Machine learning model in evaluating diagnostic power
Machine learning models with the abundance of the 3 targeted metabolites and clinical features as input were constructed with the caret package (https://cran.r-project.org/web/packages/caret/). Then, the diagnostic capacity of the targeted metabolites in the panel was evaluated with AUC and accuracy through the R packages pROC (https://cran.r-project.org/web/packages/pROC/index.html) in discriminating LN+ ESCC from LN− ESCC. The model was trained by 60% of samples through fivefold cross-validation, and the rest samples were used as a testing dataset to assess the diagnostic capability.
Cell culture
The Eca-109 and KYSE-30 cell lines were purchased from the Cell library of Shanghai Institutes for Biological Sciences, Chinese Academy of Sciences (Shanghai, China).
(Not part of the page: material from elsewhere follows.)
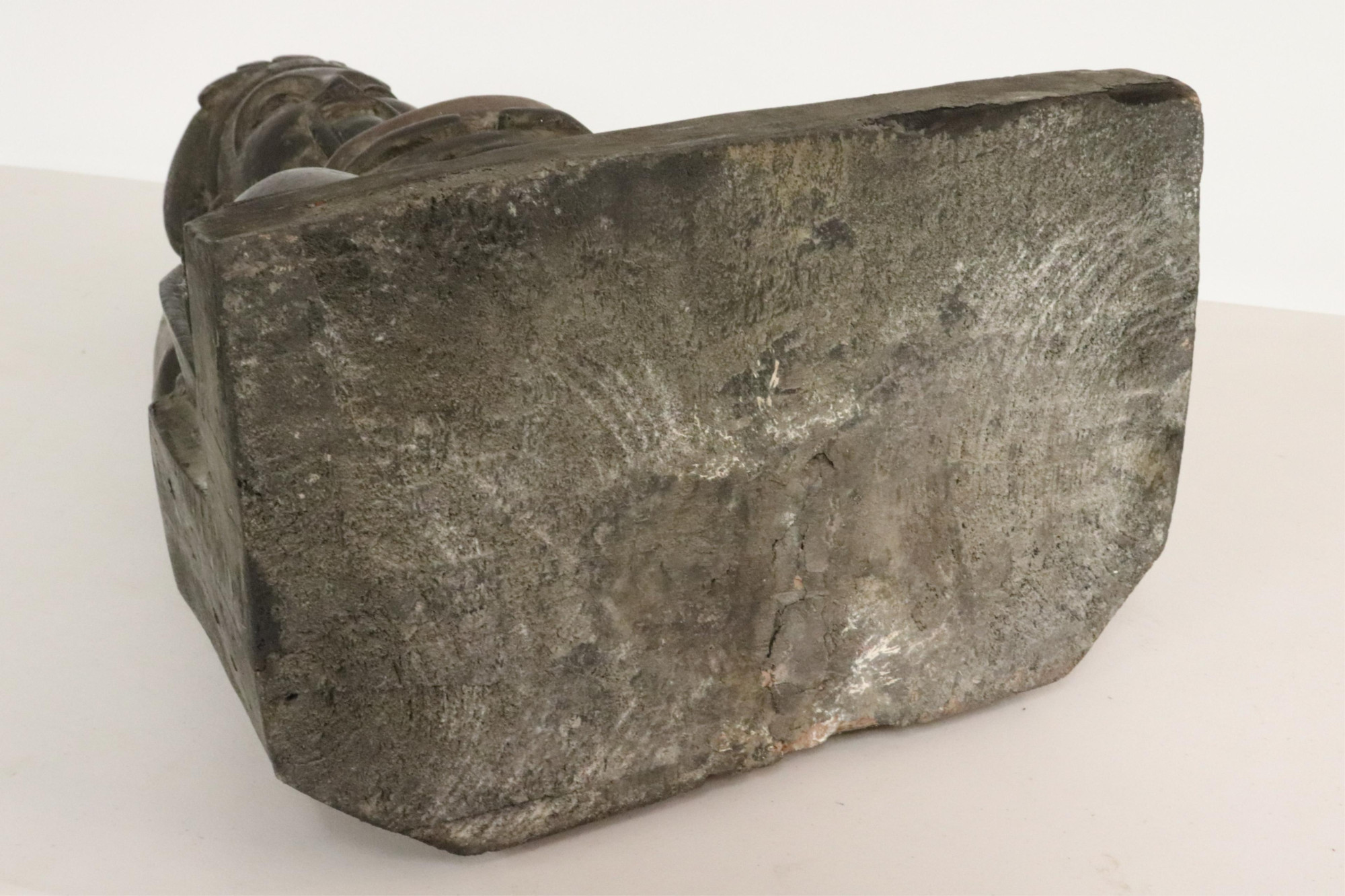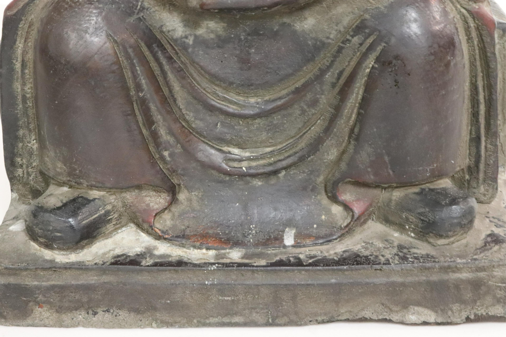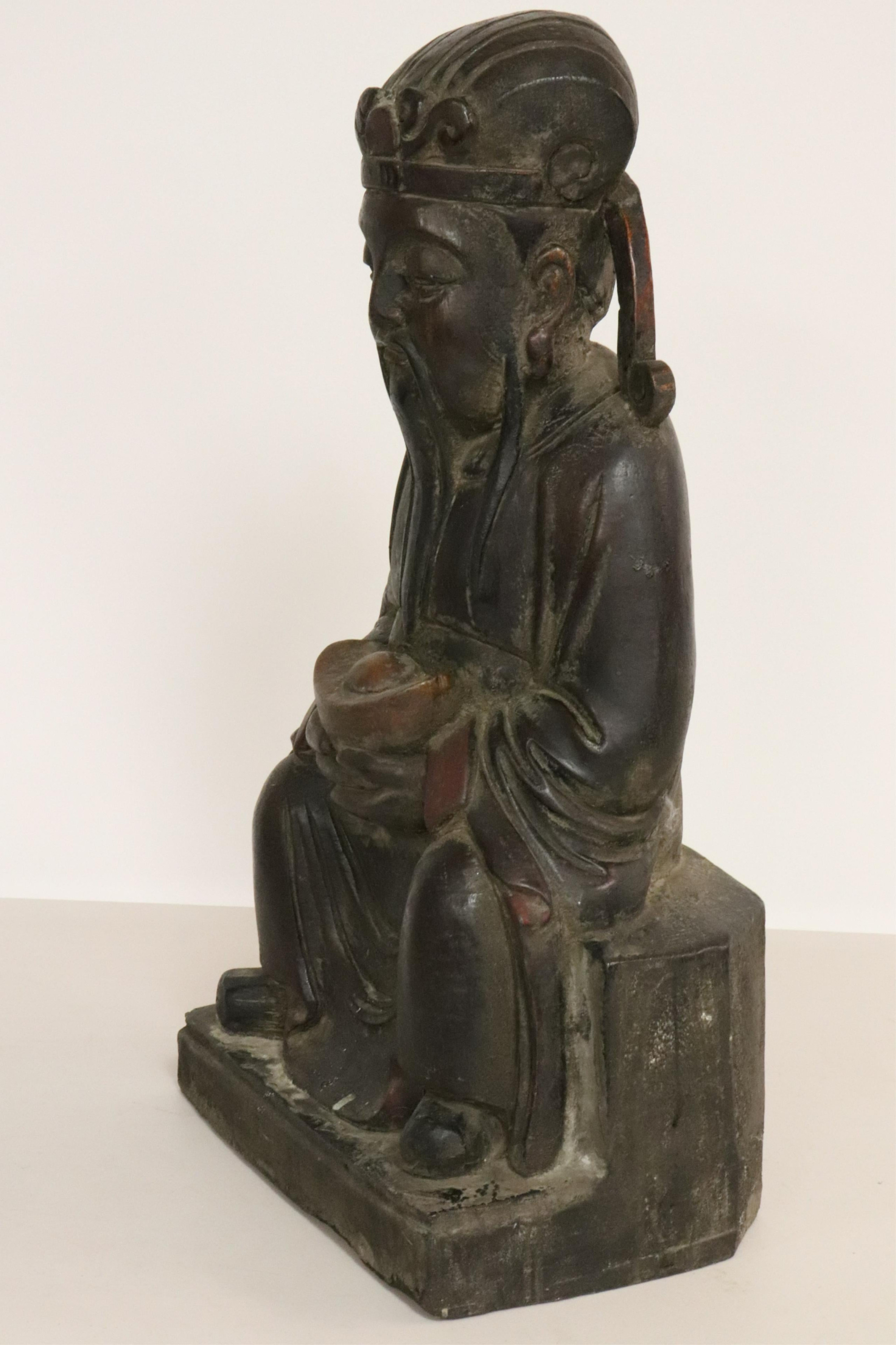 Large, heavily carved seated official holding gold ingot. Traces of paint. Dimensions: 26" high (BSTA588)(PR)

Eca-109 and KYSE-30 were cultured in DMEM medium (Gibco, Carlsbad, CA, USA) supplemented with 10% FBS, 100 U/mL penicillin, and 100 U/mL streptomycin. The cells were cultured in an incubator (Thermo Scientific, Carlsbad, CA, USA) at a temperature of 37 °C and CO2 concentration of 5%.
Transfection
The siRNAs were transfected into Eca-109 cell using Lipofectamine2000 (Invitrogen, San Francisco, CA, USA) according to the manufacturer’s instructions. Scrambled negative control siRNA (si‐NC) were purchased from Invitrogen (San Francisco, CA, USA). The sequences for siRNAs are listed in Supplementary Table 11. Typically, the cells were evenly added to 6-well culture plates at a certain concentration and transfected with siRNA on the next day.
RNA extraction, reverse transcription, and the quantitative real-time PCR
TRIzol reagent was used to lyse Eca-109 cell and extract RNA. For qRT‐PCR, 1 μg of RNA from each sample was reverse transcribed to complementary DNA (cDNA) by using a reverse transcription kit (Takara, Beijing, China). qRT-PCR analyses were performed with TB Green (Takara, Beijing, China) according to the manufacturer’s instructions. The results were normalized with β-actin.
Western blot assay
The cells were lysed using Radio-Immunoprecipitation Assay (RIPA) buffer (Beyotime Biotechnology, Shanghai, China) supplemented with protease inhibitors cocktail (Roche Applied Science, Indianapolis, IN, USA, dilution ratio, 1:100) and phenylmethanesulfonyl fluoride (PMSF) (Roche Applied Science, Indianapolis, IN, USA, dilution ratio, 1:1000). The protein extractions were separated by 10% SDS-PAGE transferred to 0.45 μm polyvinylidene difluoride (PVDF) membranes (Sigma Aldrich, St. Louis, MO, USA) and incubated overnight with specific primary antibody. The membrane was washed with wash buffer and probed with a secondary antibody (Beyotime Biotechnology, Shanghai, China). The autoradiograms were quantified by a developing instrument (Bio-Rad, Universal Hood II, CA, USA). The information of primary antibody is as follows: NNMT antibody (1:1000, ab119758, abcam, UK); E-cadherin antibody (1:1000, ab40772, abcam, UK); N-cadherin antibody (1:1000, ab76011, abcam, UK); β-catenin antibody (1:1000, ab32572, abcam, UK); METTL14 antibody (1:1000, ab309096, abcam, UK); IGF2BP1 antibody (1:1000, #8482, Cell Signaling Technology, USA). Results were normalized to the expression of β-actin. All blots originate from the same experiment and have undergone parallel processing. All uncropped blots were included in Supplementary Fig. 8.
Cell migration assays
For the migration assays, after transfection, the cells in serum-free media were placed into the upper chamber of an insert (8-μm pore size; Millipore, Billerica, MA, USA). Medium containing 10% FBS was added to the lower chamber. After incubation for 24 h, the cells remaining on the upper membrane were removed with cotton wool. Cells that had migrated through the membrane were stained with methanol and 0.1% crystal violet, imaged, and counted using an IX71 inverted microscope (Olympus, Tokyo, Japan).
Wound healing assays
Eca-109 cells were inoculated in six‐well culture medium until the confluence reached 90%. Before transfection, a sterile pipette tip was used to scratch a wound line across the surface of each dish. Then, the suspension cells were removed with phosphate belanced solution (PBS), and a new culture medium was added in a humidified 5% CO2 incubator at 37 °C. Images were taken with a microscope (Olympus, Tokyo, Japan) at 24 h intervals. Image Pro Plus 6.0 software (Media Cybernetics, Bethesda, MD, USA) was used to measure and calculate the distance that the cells had migrated.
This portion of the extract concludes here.